Loaded: 0.000041 seconds
v3 (mse loss, Normalizer: (iou: 0.75, cls: 1.00) Region 149 Avg (IOU: 0.390754, GIOU: 0.197088), Class: 0.481200, Obj: 0.374952, No Obj: 0.334788, .5R: 0.100000, .75R: 0.000000, count: 10, class_loss = 6304.377441, iou_loss = 11.058594, total_loss = 6315.436035 
 Contrast accuracy = 87.000000 %, all = 8, good = 7, same = 8, diff = 8 
 contrastive loss = 5.682550 

...

v3 (mse loss, Normalizer: (iou: 0.75, cls: 1.00) Region 149 Avg (IOU: 0.437507, GIOU: 0.350589), Class: 0.511675, Obj: 0.328880, No Obj: 0.331702, .5R: 0.285714, .75R: 0.000000, count: 7, class_loss = 6176.578125, iou_loss = 3.053711, total_loss = 6179.631836 
 Contrast accuracy = 33.000000 %, all = 6, good = 2, same = 6, diff = 6 
Segmentation fault (core dumped)

Error message (N==0):

 Tensor Cores are disabled until the first 3000 iterations are reached.
 (next mAP calculation at 1000 iterations) 
 79: 2121.149902, 3380.669434 avg loss, 0.000000 rate, 10.034842 seconds, 5056 images, 37.315313 hours left
  avg_contrastive_acc = 23.644901 
 MJPEG-stream sent. 
Loaded: 0.000042 seconds
v3 (mse loss, Normalizer: (iou: 0.75, cls: 1.00) Region 149 Avg (IOU: 0.464567, GIOU: 0.376872), Class: 0.442608, Obj: 0.271741, No Obj: 0.264202, .5R: 0.363636, .75R: 0.090909, count: 22, class_loss = 3953.858154, iou_loss = 9.941895, total_loss = 3963.800049 
 Contrast accuracy = -1.000000 %, all = 0, good = 0, same = 0, diff = 0 
 contrastive loss = 0.006436 

...

v3 (mse loss, Normalizer: (iou: 0.75, cls: 1.00) Region 149 Avg (IOU: 0.470824, GIOU: 0.415021), Class: 0.487077, Obj: 0.295903, No Obj: 0.261723, .5R: 0.500000, .75R: 0.000000, count: 10, class_loss = 3877.018066, iou_loss = 3.769531, total_loss = 3880.787598 
 Contrast accuracy = 30.000000 %, all = 10, good = 3, same = 10, diff = 10 
 Error: N == 0 || temperature == 0 || vec_len == 0. N=0.000000, temperature=1.000000, vec_len=203811264940474368.000000, labels[i] = 21975 

The darknet repo is cloned in September 5

Dataset I used is my own dataset with 4 classes. About 12,000 images in jpg, jpeg, and png.

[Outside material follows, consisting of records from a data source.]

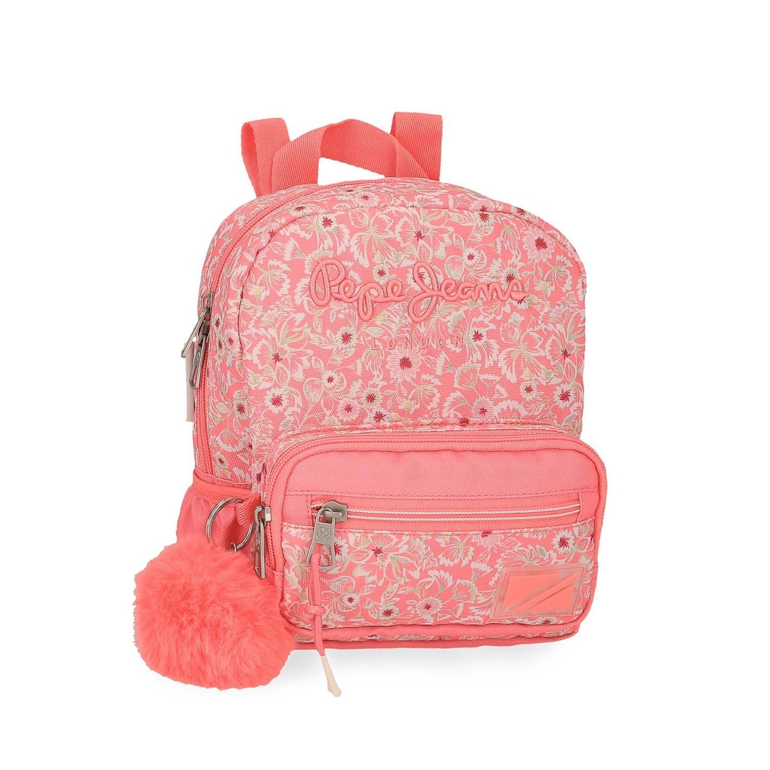 Backpack 23cm from the Nahid collection by Pepe Jeans: charming design with spring flowers in shades of pink, ideal for feminine girls who love the color pink.
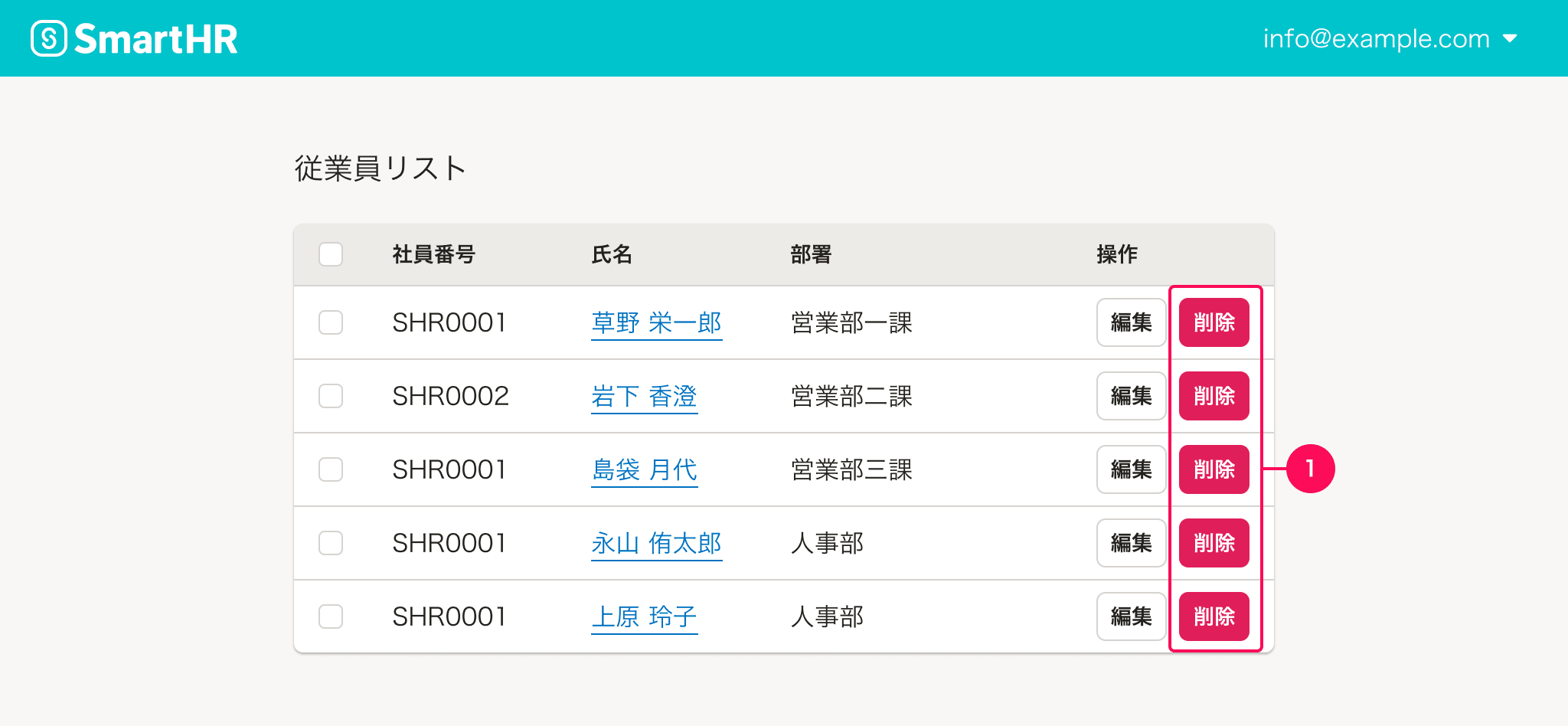 ただし、一覧の操作セルなど、ファーストビューですぐに触れる領域への「取り返しのつかない操作ボタン」の設置や、Dangerボタンを連続して設置することは通常推奨しません。
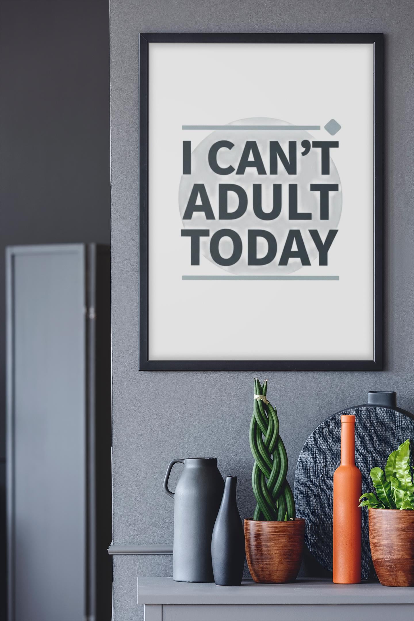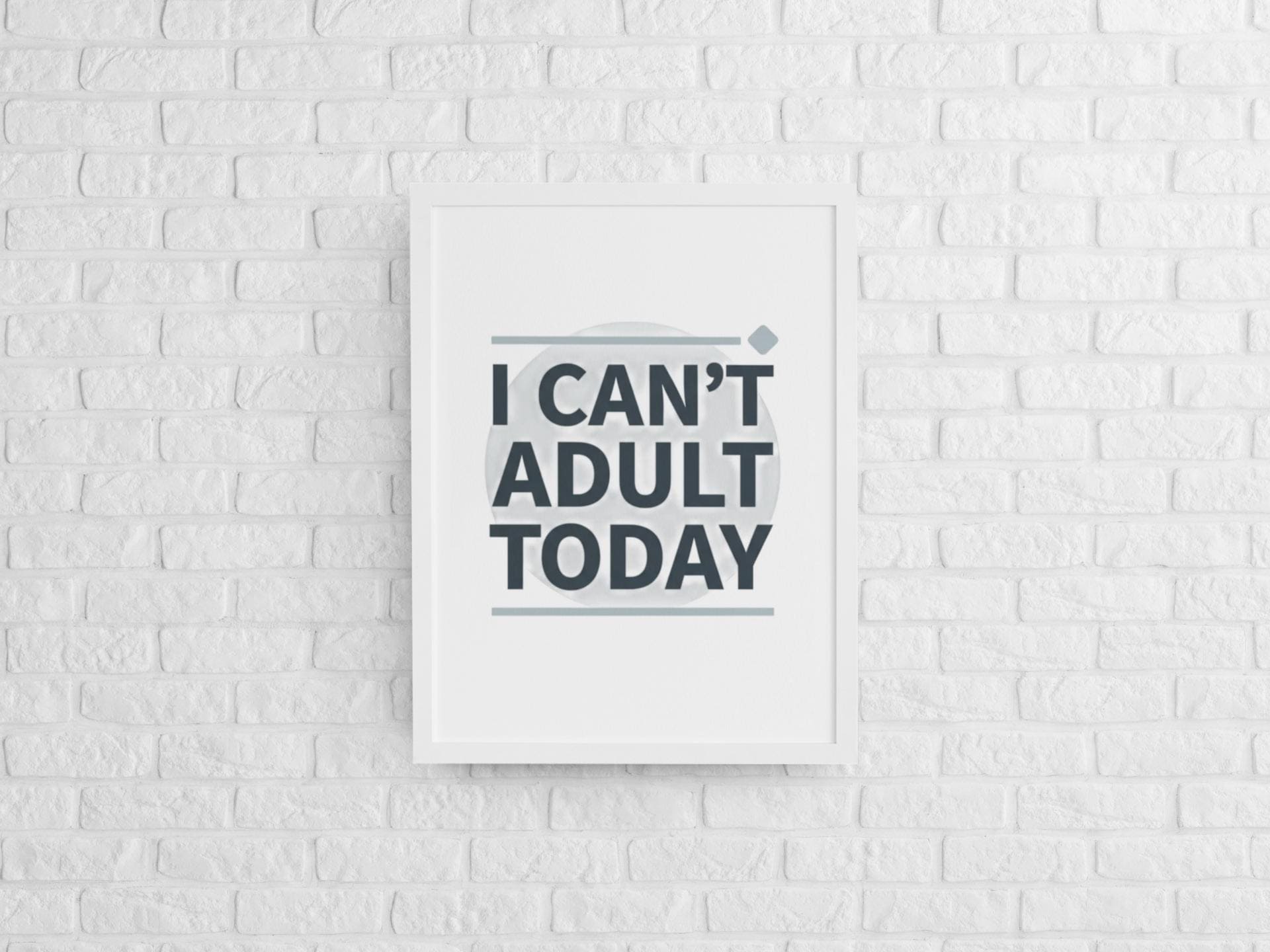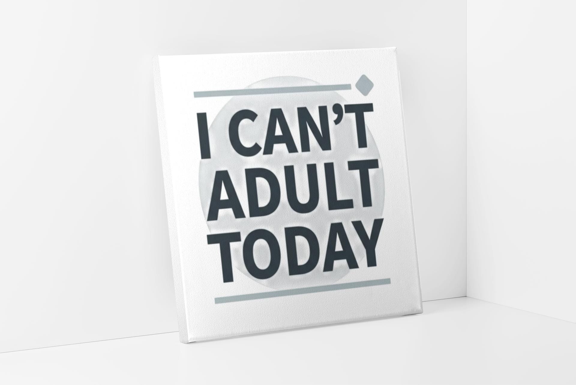 Minimal, deadpan wall art that leans into sarcastic, self-deprecating humor — bold condensed type reads “I CAN’T ADULT TODAY” centered against a high-contrast neutral background. The design uses a utilitarian sans layout and subtle geometric accents to keep focus on the short, meme-ready statement. Sized and stretched on matte canvas, it fits into casual home offices, dorms, or lounges where buyers want a quiet, ironic nod to everyday exhaustion and introvert energy.
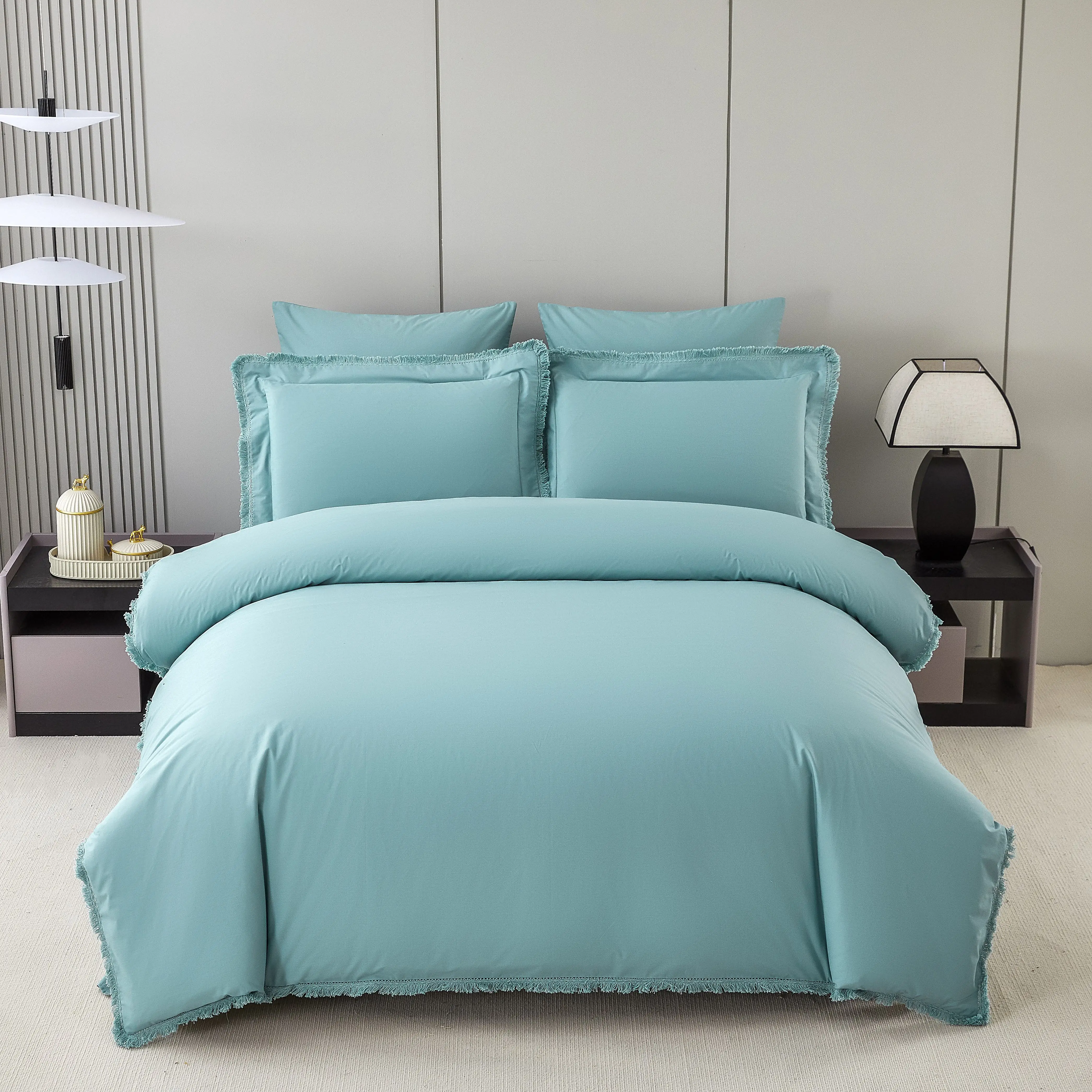 KOSMOS Cheap China Wholesale Lace Tassels Nice Bed Sheet Set Duvet Cover Set
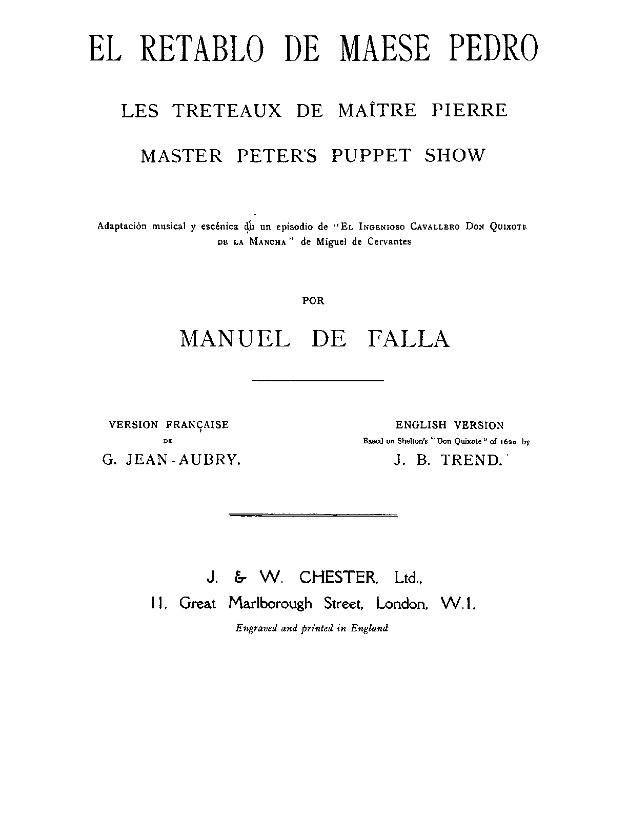 Retablo de Maese Pedro; El retablo del Maese Pedro; El retablo de maese pedro; Master Peter's Puppet Show; Les tréteaux de Maître Pierre
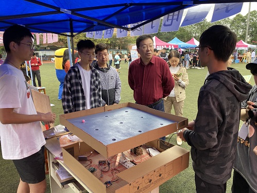 期间,周激流一行来到第一田径场,看望了参加校团委主办的社团迎新游园会“青春young成信”的同学们,并与大家进行了互动交流。
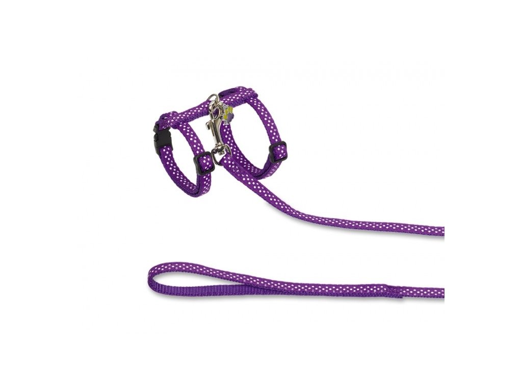 Dots fialový set postroje a vodítka s přívěskem
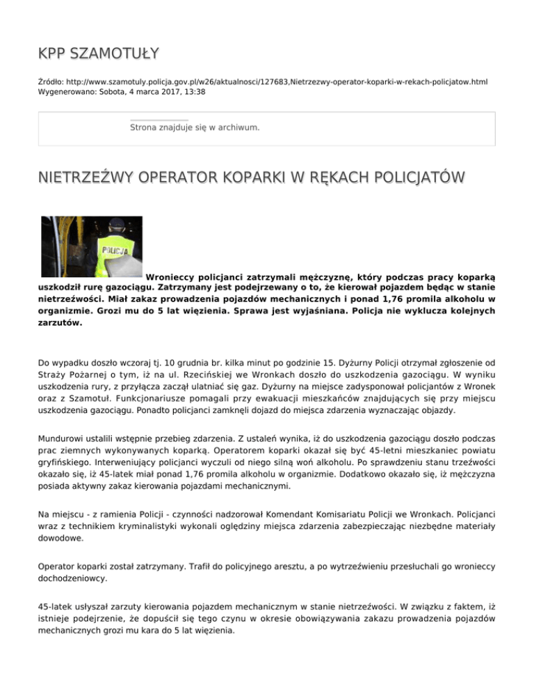 KPP SZAMOTUŁY NIETRZEŹWY OPERATOR KOPARKI W
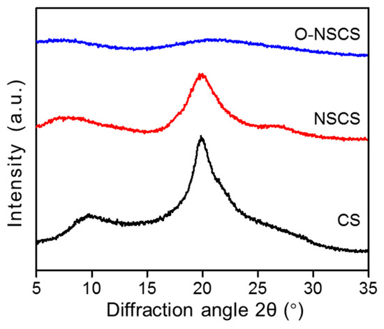The X-ray diffraction patterns of CS, NSCS, and O-NSCS.
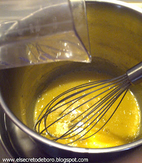 preparáis un baño maría y mezclamos con las varillas, los huevos y al azúcar
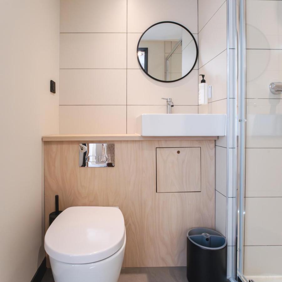 Jedes Zimmer ist mit einem Flachbildfernseher und schnellem WLAN ausgestattet. Die Temperatur kann individuell eingestellt werden, sodass sie sich an die Vorlieben jedes Gastes anpassen lässt, sowohl im Sommer als auch im Winter. Obwohl die Möbel auf das Wesentliche reduziert sind, bleibt das Gesamtbild funktional, sauber und in gutem Zustand. Der Umgang mit dem Raum ist schlicht und effizient, gedacht für kurze Aufenthalte und einfache Bedürfnisse.
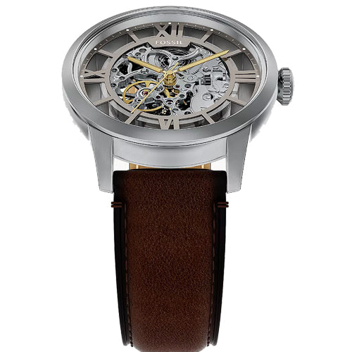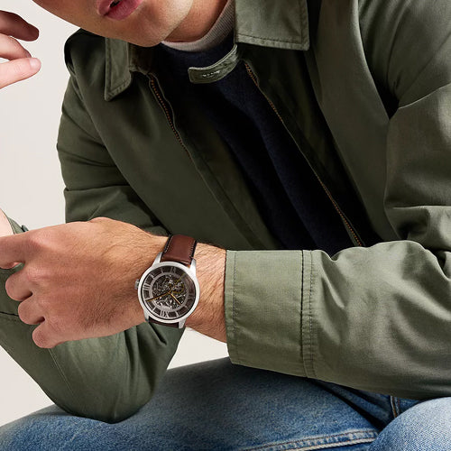 The Townsman watch is a modern icon, crafted to showcase the intricate automatic movement. The self-winding mechanism is exposed through a rich grey sunray skeleton dial delivering an uncompromising view of the inner workings. Created for precise timekeeping, it features a supple brown leather strap that offers a sleek and refined look. It's a true standout for effortless, everyday style.
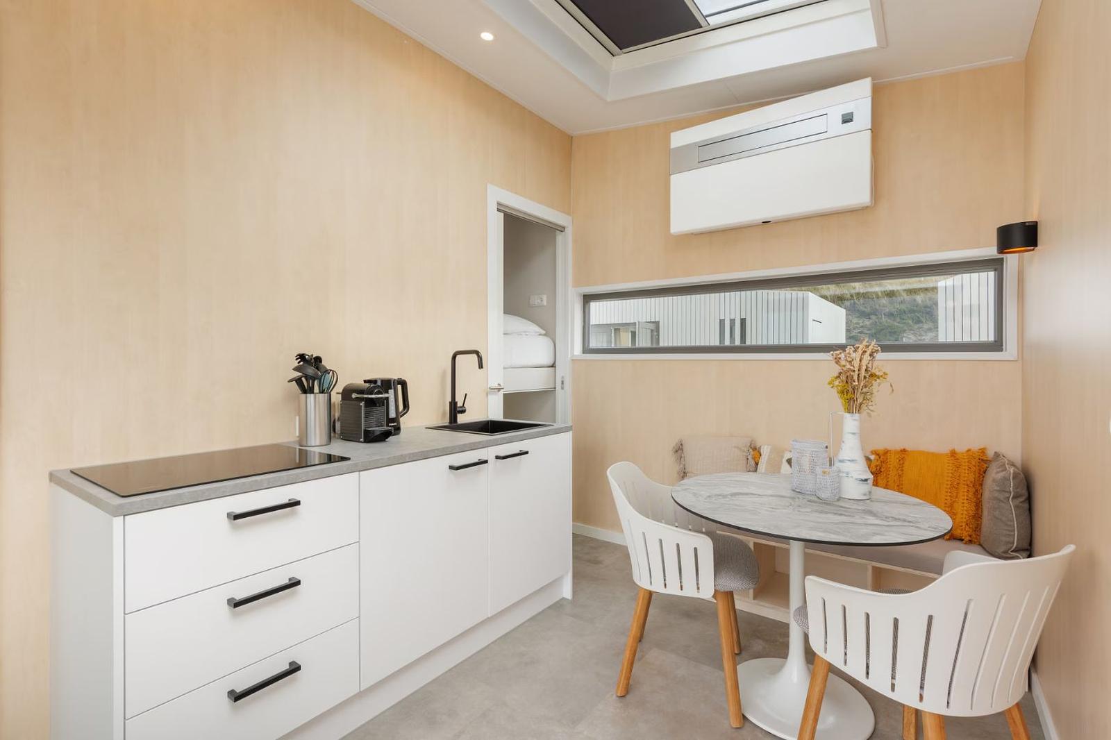 Our Beach Houses accommodate up to four people and are cleverly and comfortably furnished. The bright living room features a cozy sitting area and an open-plan kitchen, equipped with a refrigerator-freezer, coffee pod machine, and kettle. From the living room, you step directly onto the veranda: a wonderful place to start the day with a cup of coffee, soak up the sun, or chat together in the evening while listening to the sea in the background.
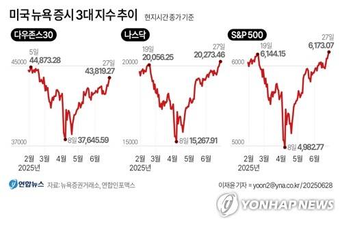 (서울=연합뉴스) 이재윤 원형민 기자 = 뉴욕증시가 도널드 트럼프 미국 대통령의 관세 정책 충격에 따른 하락을 모두 회복하고 4개월 만에 사상 최고치를 경신했다.
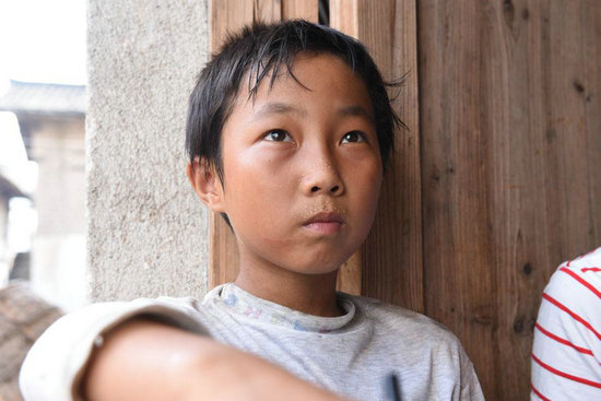 鐘斌,小學四年級學生,性格孤僻封閉,不愛說話,也不愛與人交流。他黝黑的面龐,眼神飄忽不定的,全然沒有同齡孩子應有的天真與爛漫。由于干農活的關系,身上的衣服渾身沾滿泥土和灰塵,這就是鐘誠的生活常態(tài)。
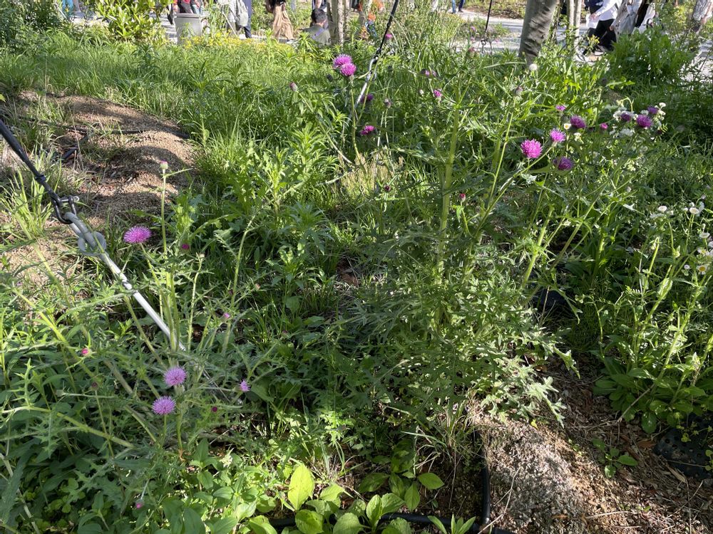 静けさの森にアザミがあちこちにいっぱい咲いてます。何アザミか?植えられたのか?もってきた土壌の中のタネか?どうなんかな?

No bad.list or bad_label.list founded.

cfg: yolov4-em-bf-vis.txt

hellboy5 commented 4 years ago

where you able to resolve your issue, as I was wondering the same thing? also is it possible to keep multiple yolo heads, and just use the contrastive loss on one of the inputs to the yolo layers

jylink commented 4 years ago

@hellboy5 nope, still no idea :/

pauliustumas commented 4 years ago

Might be a guess, but very similar error was happening with very early version of Yolov4 (NaN issue). What @AlexeyAB did, so he decreased learning rate twice. I tried to do the same and so far learning is still in progress. You could do the same - set learning_rate=0.00131 in yolov4-tiny_contrastive.cfg

pauliustumas commented 4 years ago

Decreasing learning rate twice helped at least in my case

jylink commented 4 years ago

@pauliustumas hi, did you decrease learning rate in yolov4_contrastive or in yolov4_tiny_contrastive? I mean I got those random errors only in yolov4_contrastive while yolov4_tiny_contrastive works fine.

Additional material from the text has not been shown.